In a recent article on the bioRxiv* Preprint servers, researchers at the Texas Biomedical Research Institute, Georgia State University, and the University of Alabama at Birmingham have developed a bireporter-expressing recombinant severe acute respiratory syndrome coronavirus 2 (rSARS-CoV-2) coronavirus to infect a SARS-CoV -2 to track infection.

Study: Surveillance of SARS-CoV-2 infection with a double-reporter-expressing virus.  Photo Credit: ktsdesign/ShutterstockStudy: Surveillance of SARS-CoV-2 infection with a double-reporter-expressing virus. Photo Credit: ktsdesign/Shutterstock

background

The 2019 coronavirus disease (COVID-19) pandemic is caused by the highly contagious virus known as coronavirus 2 (SARS-CoV-2) with the severe acute respiratory syndrome. The SARS-CoV-2 pandemic is still wreaking havoc on medical facilities worldwide, despite the availability of vaccines and antivirals for COVID-19. Therefore, robust techniques to screen for the presence of SARS-CoV-2 in animal models or infected cells are a must to study the basic biology of COVID-19 and the impact of antiviral therapies.

Recombinant viruses that express reporters and are replication competent have historically proven to be an excellent way to study topics such as SARS-CoV-2 infection, pathogenesis, replication and transmission. Despite the establishment and efficient synthesis of rSARS-CoV-2 carrying fluorescent or luciferase reporter genes, the findings from their application are overarching in vitro Experiments or live animals have been limited to the properties of the fluorescent or luciferase reporter genes.

About the study

In the present research, the authors have for the first time engineered a replication-competent rSARS-CoV-2 expressing both luciferase (Nluc) and fluorescent (mCherry) reporter genes (rSARS-CoV-2/mCherry-Nluc) to bypass the Disadvantages of using a single reporter gene.

The team developed the first rSARS-CoV-2 expressing both the luciferase-Nluc and fluorescence mCherry reporter gene, ie rSARS-CoV-2/mCherry-Nluc, using their previously disclosed, on the bacterial artificial chromosome (BAC) based reverse genetics and the innovative 2A method.
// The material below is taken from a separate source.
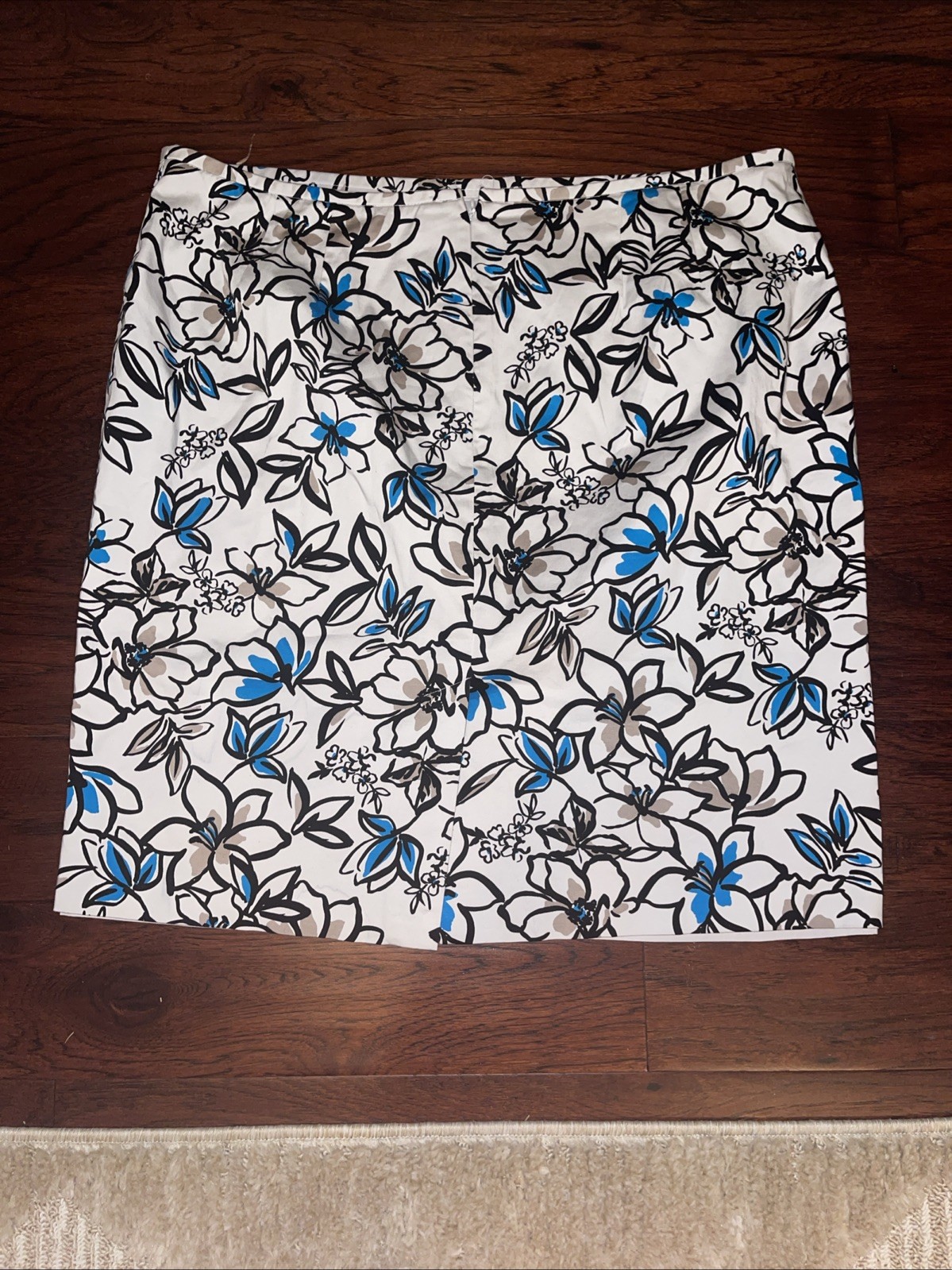 Calvin Klein knee length blue white and black floral skirt Lined 18w

Expression of the two reporter genes was confirmed using luciferase activity with a microplate reader (Nluc) and fluorescence microscopy (mCherry). Researchers used Western blotting to validate reporter expression.

Researchers created a bireporter-based microneutralization experiment to detect and classify antivirals and neutralizing antibodies (NAbs). This assay was based on the advantages of using a rSARS-CoV-2 expressing both fluorescent and bioluminescent proteins over those expressing either fluorescent or luciferase reporter genes. They infected keratin 18 human angiotensin-converting enzyme 2 (K18-hACE2) transgenic mice and Syrian golden hamsters with rSARS-CoV-2/mCherry-Nluc to see whether expression of mCherry in conjunction with Nluc reduced SARS-CoV -2 replication altered in vivo.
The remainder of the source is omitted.